*Input material:*
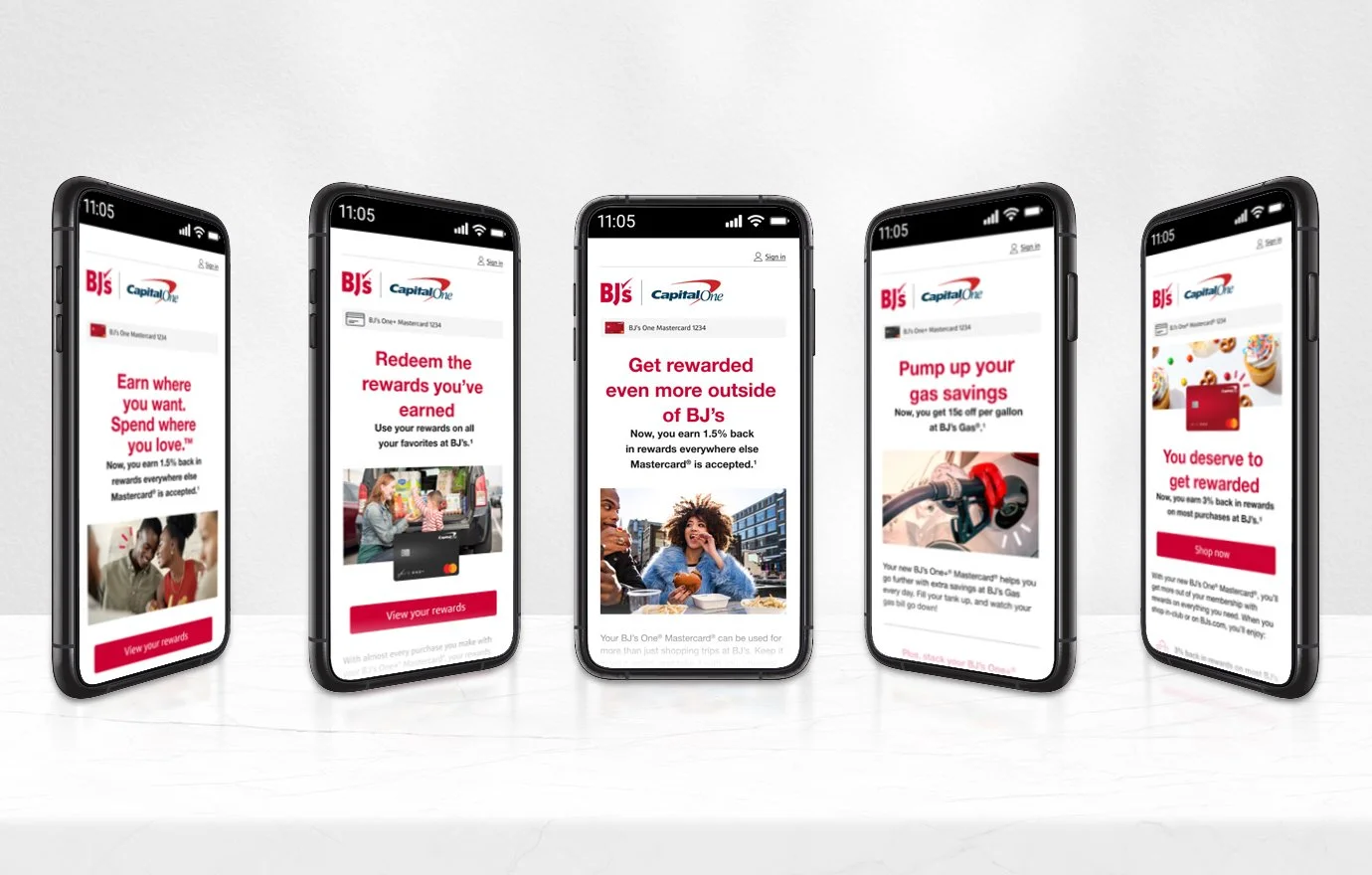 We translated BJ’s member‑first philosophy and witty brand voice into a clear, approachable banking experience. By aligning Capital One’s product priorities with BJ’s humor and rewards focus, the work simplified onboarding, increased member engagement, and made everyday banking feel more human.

--

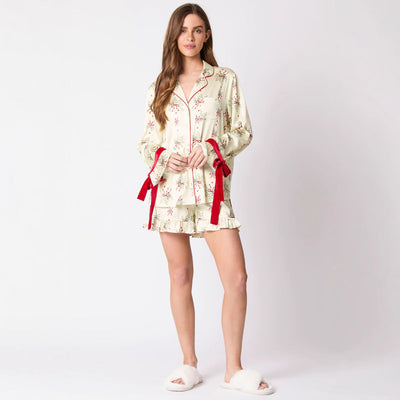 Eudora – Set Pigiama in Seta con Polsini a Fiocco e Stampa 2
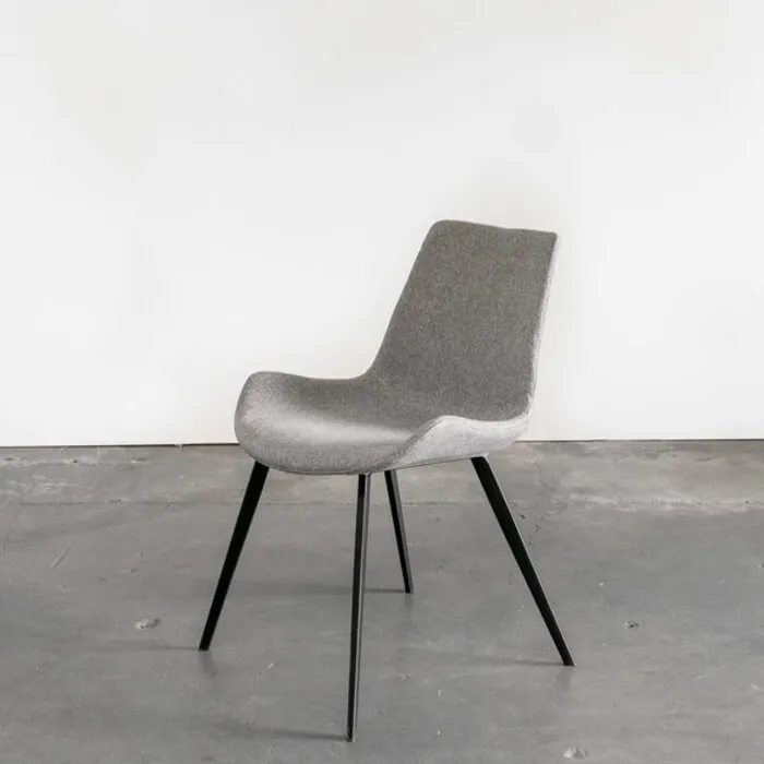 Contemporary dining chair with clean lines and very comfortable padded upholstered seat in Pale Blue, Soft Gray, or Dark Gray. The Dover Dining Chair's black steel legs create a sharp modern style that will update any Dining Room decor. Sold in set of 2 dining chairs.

---

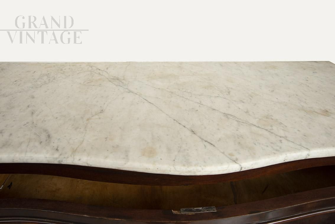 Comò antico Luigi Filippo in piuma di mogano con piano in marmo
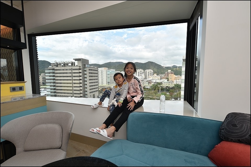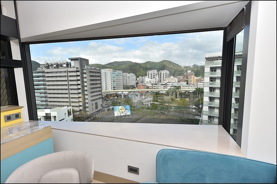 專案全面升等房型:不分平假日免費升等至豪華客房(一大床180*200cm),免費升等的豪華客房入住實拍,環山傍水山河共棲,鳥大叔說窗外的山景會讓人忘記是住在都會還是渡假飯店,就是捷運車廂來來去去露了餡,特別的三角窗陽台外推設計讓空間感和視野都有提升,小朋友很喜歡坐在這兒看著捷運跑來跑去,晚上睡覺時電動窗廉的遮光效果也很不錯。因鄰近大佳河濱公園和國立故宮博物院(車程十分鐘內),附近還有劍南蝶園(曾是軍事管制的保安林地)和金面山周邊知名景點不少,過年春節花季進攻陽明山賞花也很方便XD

*Action item:* Although pictures appear among the records above, write out exactly only the lines from the one that has "Eudora – Set" through the one that has "Contemporary dining chair", and leave the pictures out.

*Result:*
 Eudora – Set Pigiama in Seta con Polsini a Fiocco e Stampa 2
 Contemporary dining chair with clean lines and very comfortable padded upholstered seat in Pale Blue, Soft Gray, or Dark Gray. The Dover Dining Chair's black steel legs create a sharp modern style that will update any Dining Room decor. Sold in set of 2 dining chairs.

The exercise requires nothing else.